Но чаще музыка вызывает у Баланчина живые ассоциации, образы, рождает в нем волнение, чувство мечтательности, радости или печали. И тогда в его созданиях появляется дыхание человечности, подлинной поэзии, большой и захватывающей. Он продолжает быть таким же изобретательным, так же неистощима его фантазия, так же разнообразны и точны его комбинации и композиционные приемы. Но в «Хрустальном дворце» на музыку Бизе все это сливается в единый образ чистейшей радости, ликования, блеска. В «Серенаде» на музыку Чайковского — впечатление чуть меланхолической грезы, романтической мечты. В «Шотландской симфонии» на музыку Мендельсона начинаешь ощущать дыхание романтической баллады, торжественности, строгости обручального обряда. А в балете на музыку вальсов Равеля возникает тема случайных, подчас роковых встреч, тема разбитых надежд, неосуществившейся мечты, вспыхивающих и умирающих чувств.

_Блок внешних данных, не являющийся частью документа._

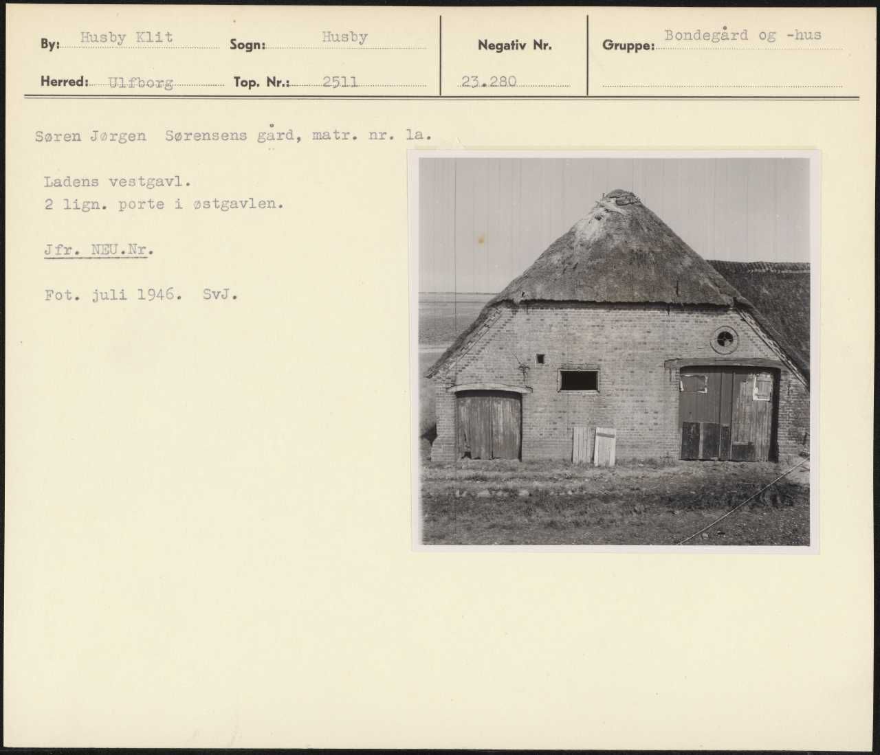Maskingenkendt tekst fra arkivkort. Søren Jørgen Sørensens gard, matr. nr. la. Ladens vestgavl. 2 lign. porte i østgavlen. Jfr. NIU.Nr. Fot. juli 1946. SvJ.

Одним словом, танец наполняется, пусть не очень конкретизированным, но тем не менее ясным содержанием, смыслом, он эмоционально волнует, покоряет зрителя определенным настроением, заражает тем или иным порывом. И вот в этих сочинениях Баланчина мы чувствуем его поэтом классического танца, творцом, а не только изощренным поваром, который подает пресыщенной публике самые разнообразные, подчас самые изысканные, приправленные острыми соусами «хореографические блюда». Тогда балет Баланчина перестает быть чисто декоративным произведением, радующим только глаз, он становится живописью, очаровательной картиной, которая несет определенный образ, эмоцию, смысл. Этим чувством одухотворяется и исполнение актеров, пробуждается их художественная интуиция, они тоже становятся творцами, а не механическими безупречными исполнителями балетмейстерской воли[396].
Эти строки, так тщательно и поэтично выписанные, Н. И. Эльяш в изданной в 1970 году книге посвятил Д. Баланчину (Г. Баланчивадзе, 1904–1983) — танцовщику и балетмейстеру петербургской хореографической школы, основоположнику американского классического балета. В 1924 году он не вернулся с гастролей советской труппы в Берлине, примкнул к балетной труппе «дягилевских сезонов» и несколько лет руководил ею, а в 1930-е годы перебрался в США и сделал там блестящую балетмейстерскую карьеру. О том, что в СССР в 1960 — 1970-е западных балетмейстеров российского происхождения идеологически правильнее было бы характеризовать совершенно иначе, свидетельствует следующая цитата из статьи Р. В. Захарова, написанной на основании его выступления на Всероссийском совещании по сценическому танцу в 1960 году:
Отброшенное нами еще в начале 30-х годов формалистическое направление в танце в виде абстракционизма, акробатики и голого эстетизма нашло себе с помощью разных эмигрантов — вольных и невольных — благодатную почву на капиталистическом Западе. Отстав от нас на добрых сорок лет, большинство деятелей балета за рубежом живет и поныне старым лозунгом «искусство для искусства». Он и является их творческим кредо…[397]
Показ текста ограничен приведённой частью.